虽然大多数向量搜索包仅关注两个指标：“内积距离”和“欧几里得距离”，但 USearch 允许任意用户自定义指标。这种灵活性允许您为各种应用自定义搜索，从使用罕见的 Haversine 距离计算地理空间坐标，到为来自多个 AI 模型的复合嵌入（如联合图像-文本嵌入）创建自定义指标。您可以使用 Numba、Cppyy 或 PeachPy 来定义您的自定义指标，即使在 Python 中也是如此。

from numba import cfunc, types, carray
from usearch.index import Index, MetricKind, MetricSignature, CompiledMetric

@cfunc(types.float32(types.CPointer(types.float32), types.CPointer(types.float32)))
def python_inner_product(a, b):
    a_array = carray(a, ndim)
    b_array = carray(b, ndim)
    c = 0.0
    for i in range(ndim):
        c += a_array[i] * b_array[i]
    return 1 - c

metric = CompiledMetric(pointer=python_inner_product.address, kind=MetricKind.IP, signature=MetricSignature.ArrayArray)
index = Index(ndim=ndim, metric=metric, dtype=np.float32)
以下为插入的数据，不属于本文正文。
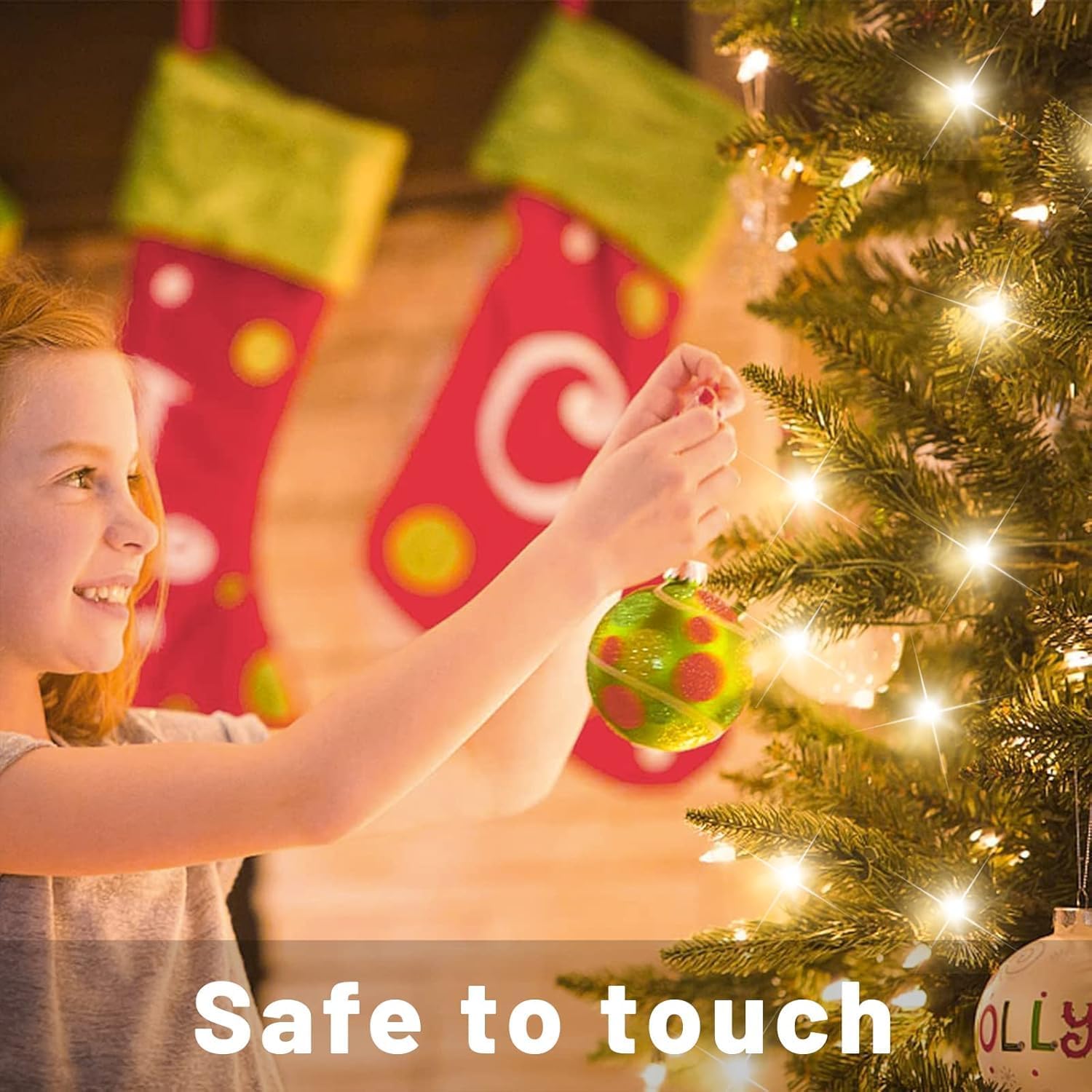 - Warm and soft light: The mini Christmas lights emit a warm and soft light, add the comfortable festival atmosphere, warm white light and green wire, which is great for Xmas Tree, garden, wedding, party, balcony decoration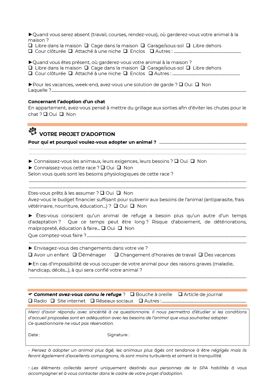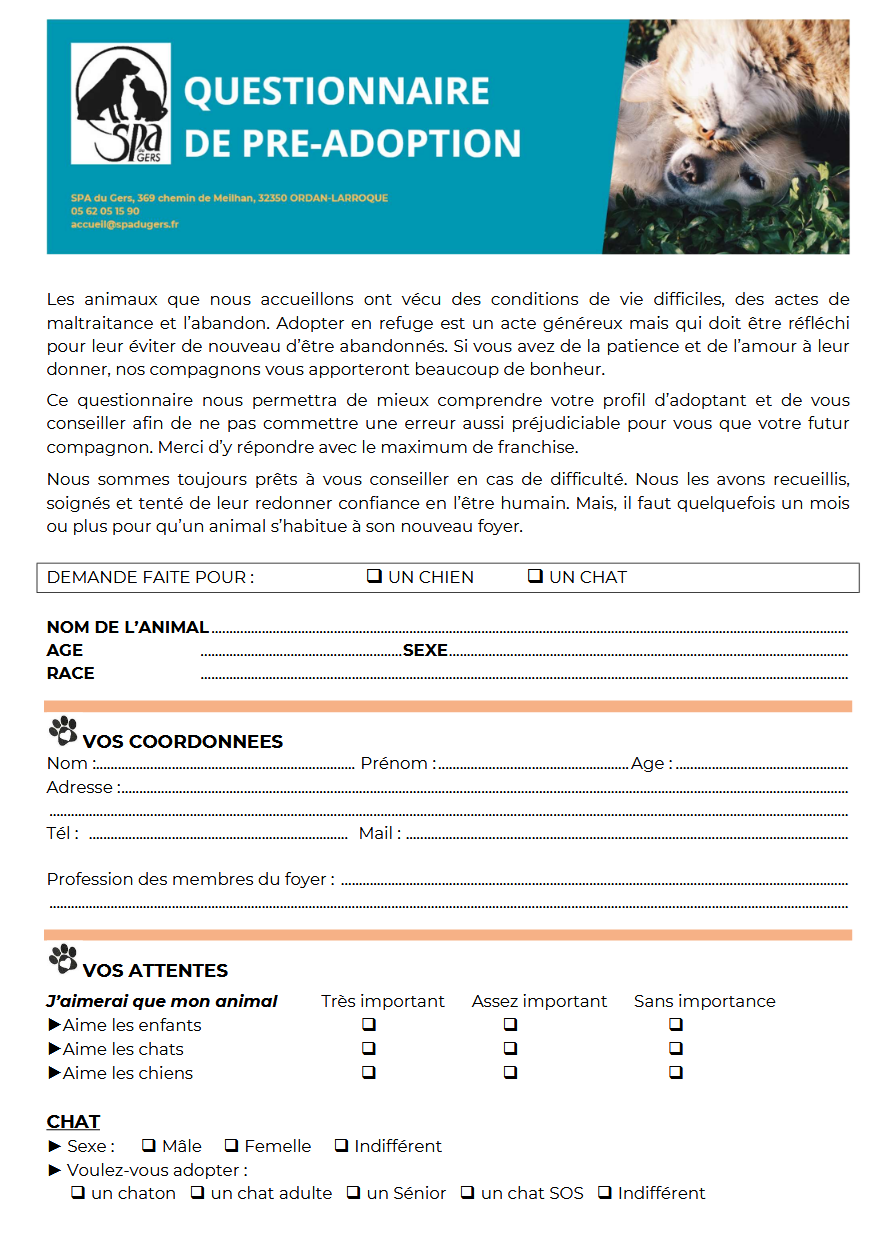 Depuis le 1er octobre 2022, pour toute adoption d’un animal, nous devons vous demander de présenter votre certificat d’engagement et de connaissance : le futur propriétaire devra prendre connaissance des besoins physiologiques, psychiques et comportementaux de son futur animal et signer ce certificat 7 jours avant son acquisition. Ceci est une obligation légale afin de faire prendre conscience aux familles de l’engagement à accueillir un animal. Mais pas d’inquiétude, nos soigneurs sont titulaires de l’ACACED et sont donc qualifiés pour vous le présenter, répondre à vos questions et valider votre certificat !

在 C、C++ 和 Rust 接口中更容易实现类似的效果。此外，与索引高维空间的旧方法（如 KD 树和局部敏感哈希）不同，HNSW 不需要向量长度相同。它们只需要具有可比性。因此，您可以将其应用于模糊应用中，例如搜索相似的集合或模糊文本匹配，使用 GZip 压缩比作为距离函数。

过滤和谓词函数

有时您可能希望将搜索结果与某些外部数据库进行交叉引用，或根据某些标准对其进行过滤。在大多数引擎中，您必须手动执行分页请求，连续过滤结果。在 USearch 中，您只需将谓词函数传递给搜索方法，该函数将直接在图遍历期间应用。在 Rust 中，它看起来像这样

let is_odd = |key: Key| key % 2 == 1;
let query = vec![0.2, 0.1, 0.2, 0.1, 0.3];
let results = index.filtered_search(&query, 10, is_odd).unwrap();
assert!(
    results.keys.iter().all(|&key| key % 2 == 1),
    "All keys must be odd"
);

内存效率、降采样和量化

训练量化模型和降维是加速向量搜索的常用方法。然而，这些方法有时才可靠，可能会显着影响数据的统计属性，并且如果您的分布发生变化，则需要定期调整。相反，我们专注于低精度降采样向量上的高精度算术。相同的索引以及 add 和 search 操作将在 f64_t、f32_t、f16_t、i8_t 和单比特 b1x8_t 表示之间自动降采样或升采样。您可以使用以下命令来检查是否启用了硬件加速

$ python -c 'from usearch.index import Index; print(Index(ndim=768, metric="cos", dtype="f16").hardware_acceleration)'
> sapphire
$ python -c 'from usearch.index import Index; print(Index(ndim=166, metric="tanimoto").hardware_acceleration)'
> ice

在大多数情况下，建议在现代硬件上使用半精度浮点数。启用量化后，“get”类函数将无法恢复原始数据，因此您可能需要在其他地方复制原始向量。当量化为 i8_t 整数时，请注意它仅对类余弦指标有效。作为量化过程的一部分，向量被归一化为单位长度，然后缩放到 [-127, 127] 范围以占据完整的 8 位范围。当量化为 b1x8_t 单比特表示时，请注意它仅对二进制指标（如 Jaccard、Hamming 等）有效。作为量化过程的一部分，大于零的标量分量设置为 true，其余设置为 false。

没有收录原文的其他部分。